Brief - Your answer should contain only the lines from the top of the data below down through the one with "This beautifully crafted", transcribed exactly and without pictures; please include nothing more.

Data items
BEGIN

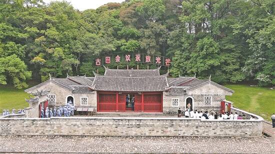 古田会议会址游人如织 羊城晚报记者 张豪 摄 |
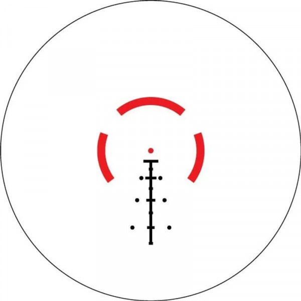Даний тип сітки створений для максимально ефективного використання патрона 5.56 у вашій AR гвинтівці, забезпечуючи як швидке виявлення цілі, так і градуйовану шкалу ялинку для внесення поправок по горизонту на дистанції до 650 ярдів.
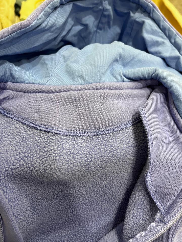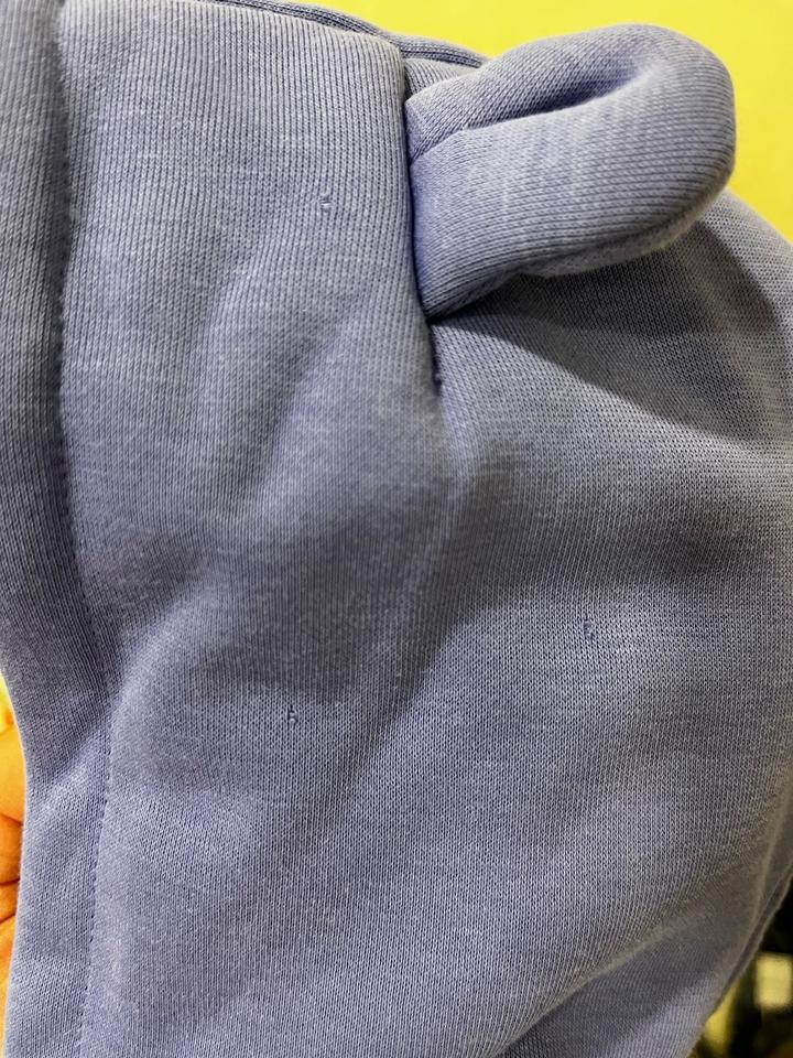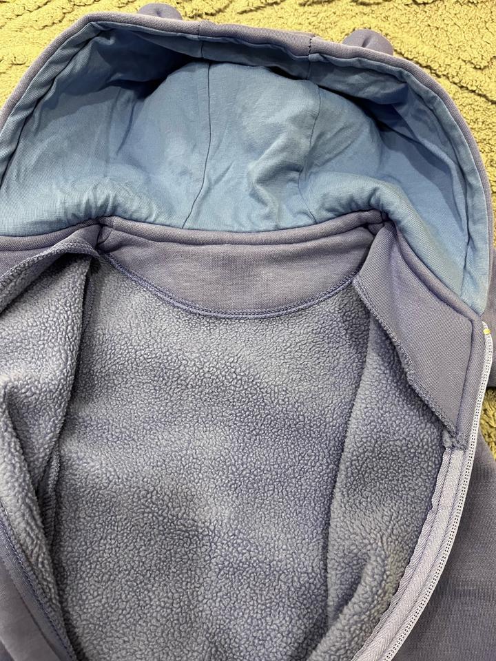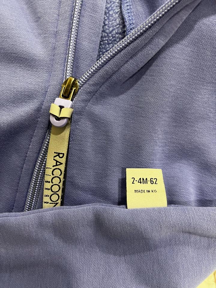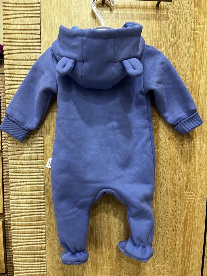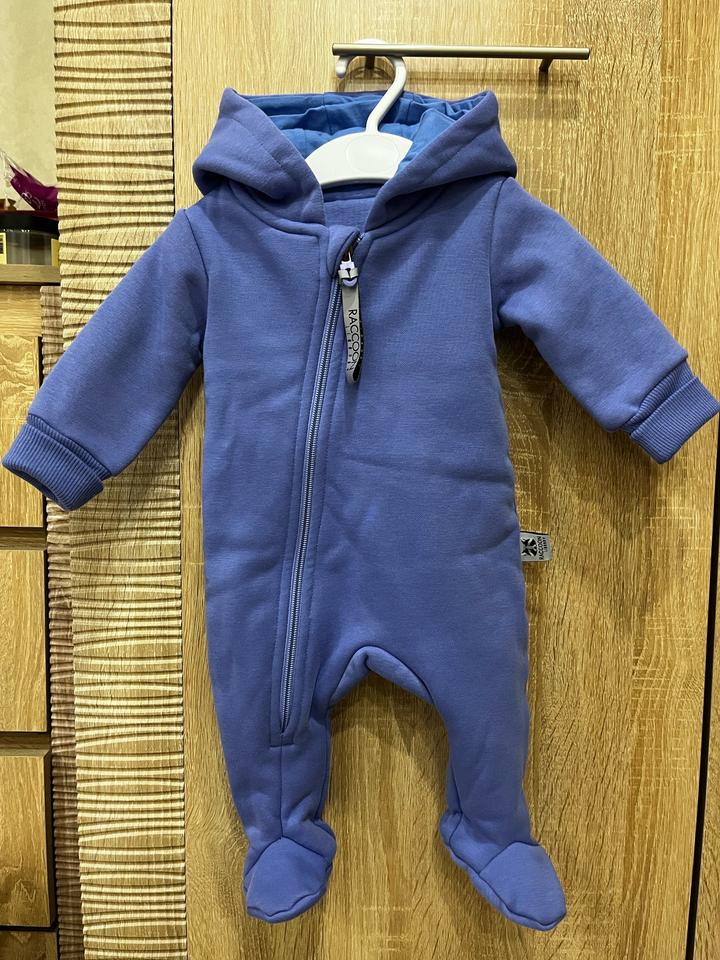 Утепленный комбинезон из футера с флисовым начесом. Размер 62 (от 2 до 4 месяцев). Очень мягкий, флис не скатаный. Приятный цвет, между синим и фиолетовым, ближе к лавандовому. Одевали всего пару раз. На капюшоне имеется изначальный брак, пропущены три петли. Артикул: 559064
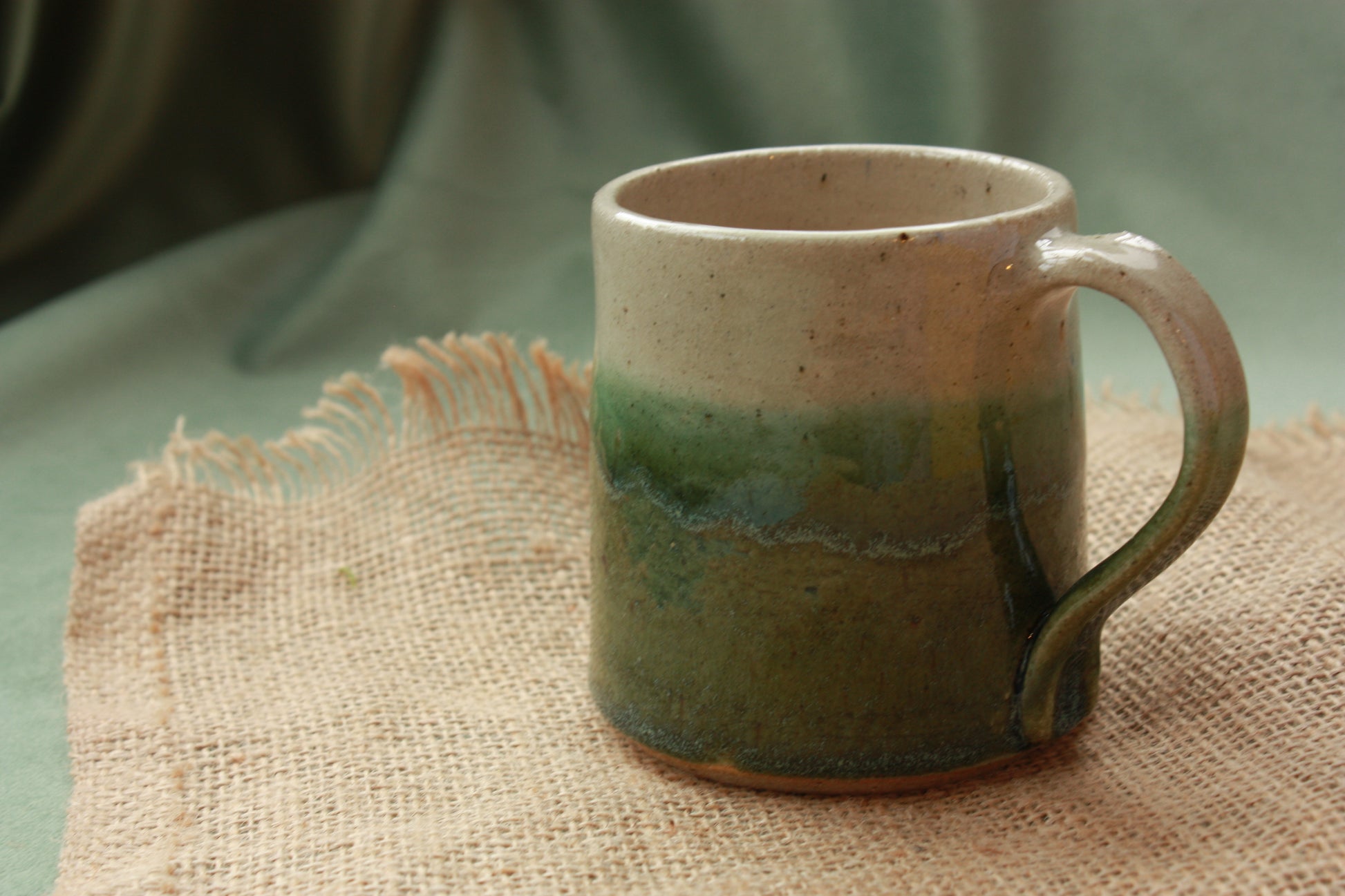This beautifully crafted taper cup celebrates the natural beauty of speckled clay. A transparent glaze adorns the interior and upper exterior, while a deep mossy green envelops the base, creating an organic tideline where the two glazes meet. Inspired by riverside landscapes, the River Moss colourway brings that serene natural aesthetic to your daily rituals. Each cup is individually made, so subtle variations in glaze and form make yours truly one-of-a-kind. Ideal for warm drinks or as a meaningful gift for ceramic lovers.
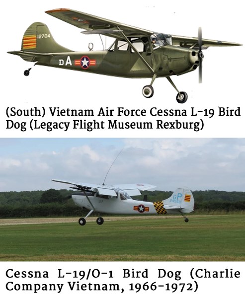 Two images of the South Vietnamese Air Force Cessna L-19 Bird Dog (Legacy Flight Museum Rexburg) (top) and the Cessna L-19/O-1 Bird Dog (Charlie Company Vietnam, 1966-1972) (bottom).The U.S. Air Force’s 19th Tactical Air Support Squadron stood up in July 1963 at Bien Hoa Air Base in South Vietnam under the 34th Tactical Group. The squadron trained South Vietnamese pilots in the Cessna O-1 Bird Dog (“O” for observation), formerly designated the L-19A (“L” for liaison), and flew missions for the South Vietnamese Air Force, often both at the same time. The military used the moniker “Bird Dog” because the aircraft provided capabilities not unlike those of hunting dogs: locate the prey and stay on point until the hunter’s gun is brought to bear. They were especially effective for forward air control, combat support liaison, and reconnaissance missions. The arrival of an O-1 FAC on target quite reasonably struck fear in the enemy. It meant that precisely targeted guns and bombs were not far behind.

END

Task solution -
 古田会议会址游人如织 羊城晚报记者 张豪 摄 |
Даний тип сітки створений для максимально ефективного використання патрона 5.56 у вашій AR гвинтівці, забезпечуючи як швидке виявлення цілі, так і градуйовану шкалу ялинку для внесення поправок по горизонту на дистанції до 650 ярдів.
 Утепленный комбинезон из футера с флисовым начесом. Размер 62 (от 2 до 4 месяцев). Очень мягкий, флис не скатаный. Приятный цвет, между синим и фиолетовым, ближе к лавандовому. Одевали всего пару раз. На капюшоне имеется изначальный брак, пропущены три петли. Артикул: 559064
This beautifully crafted taper cup celebrates the natural beauty of speckled clay. A transparent glaze adorns the interior and upper exterior, while a deep mossy green envelops the base, creating an organic tideline where the two glazes meet. Inspired by riverside landscapes, the River Moss colourway brings that serene natural aesthetic to your daily rituals. Each cup is individually made, so subtle variations in glaze and form make yours truly one-of-a-kind. Ideal for warm drinks or as a meaningful gift for ceramic lovers.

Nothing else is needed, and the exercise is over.